The above graph makes the lack of statistical significance quite clear. The middle bar of a given crossbar box is the average boost for a given medal’s count in a given condition (i.e. when a country was playing in an Olympic Games that it was also hosting vs when it was playing in a Games that it wasn’t hosting).

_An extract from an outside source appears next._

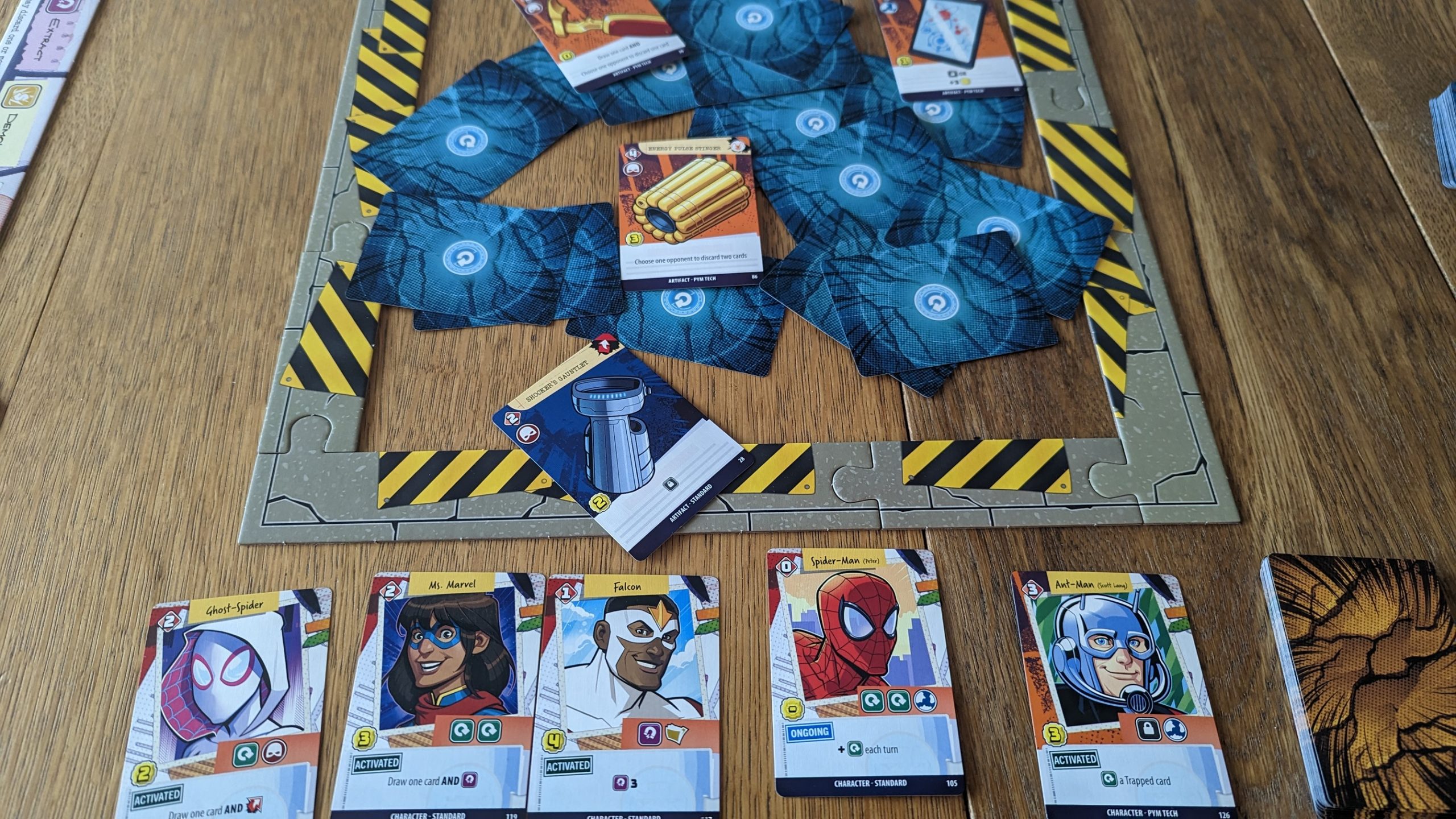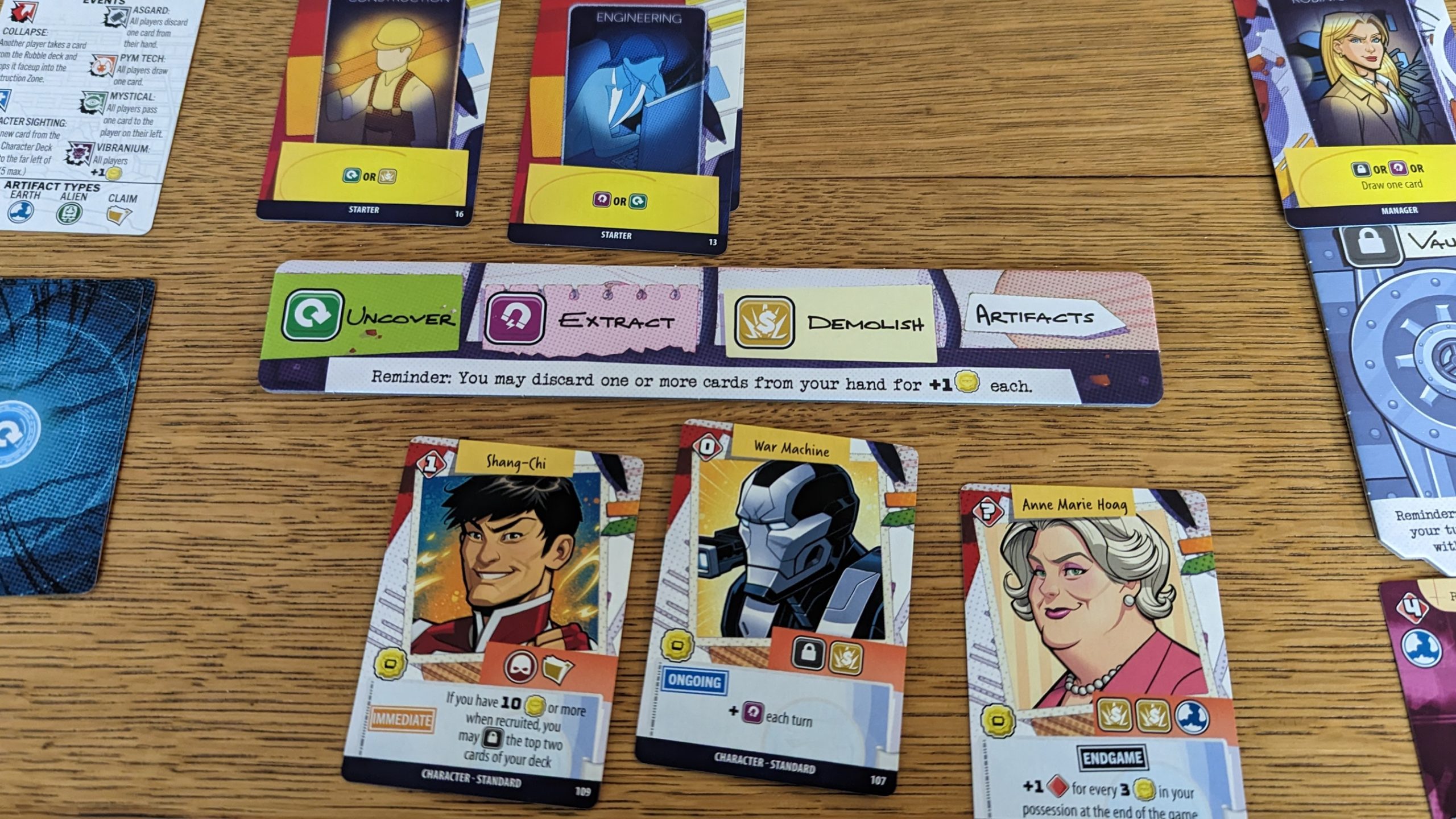 The implication there is that there’s a noticeable amount of time that Damage Control doesn’t run smoothly, which means it’s time for me to talk about the theme decks. Damage Control comes with four theme decks that contain market and character cards – you’re supposed to pick two and shuffle their cards into the market and character decks before every game. Particularly perceptive readers have already picked up on the issue here, where any addition to set up and tear down time to a light quick game has really got an uphill battle to justify its existence, since nobody wants to spend five minutes setting up and sorting decks on either side of a twenty minute game. The separate decks are another case of big hits and misses: pym ratchets the snappy pace up to breakneck speeds with its powerful effects and event that lets everyone draw a card. Outstanding, 10/10. Vibranium incentivizes the greed of playing artifacts instead of vaulting them – vibranium artifacts have additional triggers if you’ve played multiple on your turn, and its event doles out the influence you need to do so. Mystic is perfectly fine, adding a set collection element to scoring its vaulted artifacts and a mildly chaotic pass a card to your neighbor event – serviceable, but brought down because using it means excluding one of the better themes. Asgard is a total flop that really made me question the purpose of themes other than the obvious expansion implications, as it’s overloaded by feel bad take that effects and an event that forces everyone to discard a card, slowing the game down to a standstill as everyone’s forced to do almost nothing for a round while simultaneously not advancing the endgame conditions. Honestly, my copy is going to be permanently set up with pym and vibranium, but I can’t ignore that the way this game is packaged, people are going to wind up playing with the Asgard disaster and adding set up and tear down time changing it up every play. I’d like to see the inevitable expansions have overview cards for the theme decks like in Unfair, as then people could opt in to experiences like Asgard with forewarning. I also would have appreciated a reference chart in the rulebook with an approximate number of rounds for player count and themes, as it would really help players make better informed decisions between vaulting and playing artifacts.

The top and bottom of a crossbar box show the two standard deviation range around that average boost size. The 95% confidence interval ranges all absolutely dwarf the difference in average boost size between the two conditions
Conclusion
In this report, we have analyzed the relationship between GDP, population, and Olympic success and broadly found that wealthier and more populous countries have more Olympic Success and win more medals. However, we also found that there are exceptions to this rule and that there is no statistically significant home-turf advantage in the Olympics.